> _EXERCISE REQUIREMENTS_
Reproduce the material below only from the line with "9月19日,張鳳有巡視員代表" to the line with "Beschikt over een", both included, keeping each line exact and dropping the pictures.

> _THE DATA_
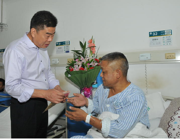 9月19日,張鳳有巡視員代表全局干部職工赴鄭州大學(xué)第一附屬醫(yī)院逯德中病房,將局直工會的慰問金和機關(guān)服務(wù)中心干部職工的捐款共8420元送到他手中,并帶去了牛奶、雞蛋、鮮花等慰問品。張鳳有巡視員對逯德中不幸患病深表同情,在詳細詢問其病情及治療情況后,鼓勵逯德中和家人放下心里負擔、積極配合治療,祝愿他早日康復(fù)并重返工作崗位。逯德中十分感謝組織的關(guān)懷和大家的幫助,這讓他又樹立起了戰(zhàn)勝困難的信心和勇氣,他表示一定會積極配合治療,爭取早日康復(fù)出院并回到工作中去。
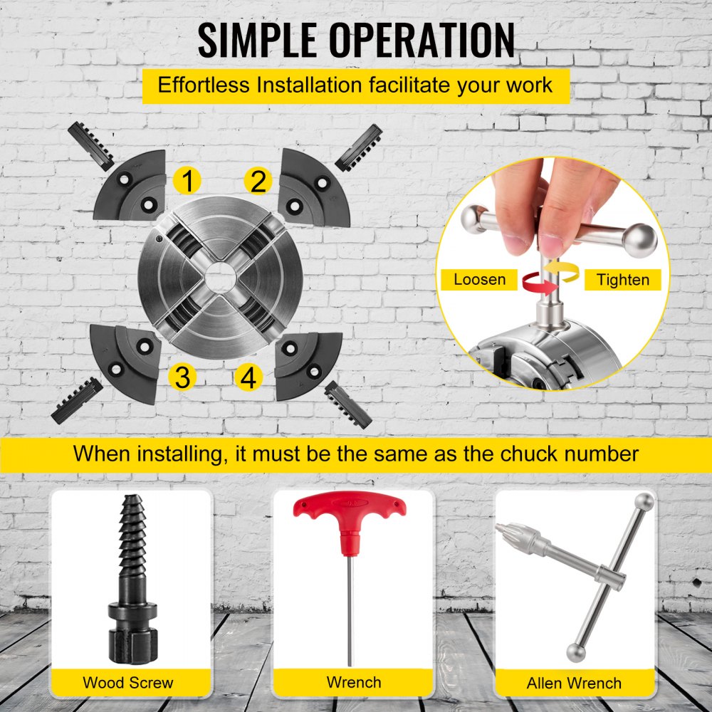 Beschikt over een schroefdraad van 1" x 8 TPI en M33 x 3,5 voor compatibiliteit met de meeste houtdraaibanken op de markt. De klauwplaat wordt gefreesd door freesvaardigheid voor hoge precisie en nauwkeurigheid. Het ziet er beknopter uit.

---

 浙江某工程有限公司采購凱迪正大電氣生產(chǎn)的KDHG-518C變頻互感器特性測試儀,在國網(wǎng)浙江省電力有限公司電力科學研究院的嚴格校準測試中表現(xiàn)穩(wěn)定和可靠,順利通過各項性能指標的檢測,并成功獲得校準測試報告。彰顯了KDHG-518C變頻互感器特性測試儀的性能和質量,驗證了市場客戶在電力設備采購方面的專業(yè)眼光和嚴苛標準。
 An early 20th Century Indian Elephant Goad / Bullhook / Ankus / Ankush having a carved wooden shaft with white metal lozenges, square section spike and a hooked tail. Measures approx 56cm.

> _OUTPUT FOR THIS EXERCISE_
 9月19日,張鳳有巡視員代表全局干部職工赴鄭州大學(xué)第一附屬醫(yī)院逯德中病房,將局直工會的慰問金和機關(guān)服務(wù)中心干部職工的捐款共8420元送到他手中,并帶去了牛奶、雞蛋、鮮花等慰問品。張鳳有巡視員對逯德中不幸患病深表同情,在詳細詢問其病情及治療情況后,鼓勵逯德中和家人放下心里負擔、積極配合治療,祝愿他早日康復(fù)并重返工作崗位。逯德中十分感謝組織的關(guān)懷和大家的幫助,這讓他又樹立起了戰(zhàn)勝困難的信心和勇氣,他表示一定會積極配合治療,爭取早日康復(fù)出院并回到工作中去。
 Beschikt over een schroefdraad van 1" x 8 TPI en M33 x 3,5 voor compatibiliteit met de meeste houtdraaibanken op de markt. De klauwplaat wordt gefreesd door freesvaardigheid voor hoge precisie en nauwkeurigheid. Het ziet er beknopter uit.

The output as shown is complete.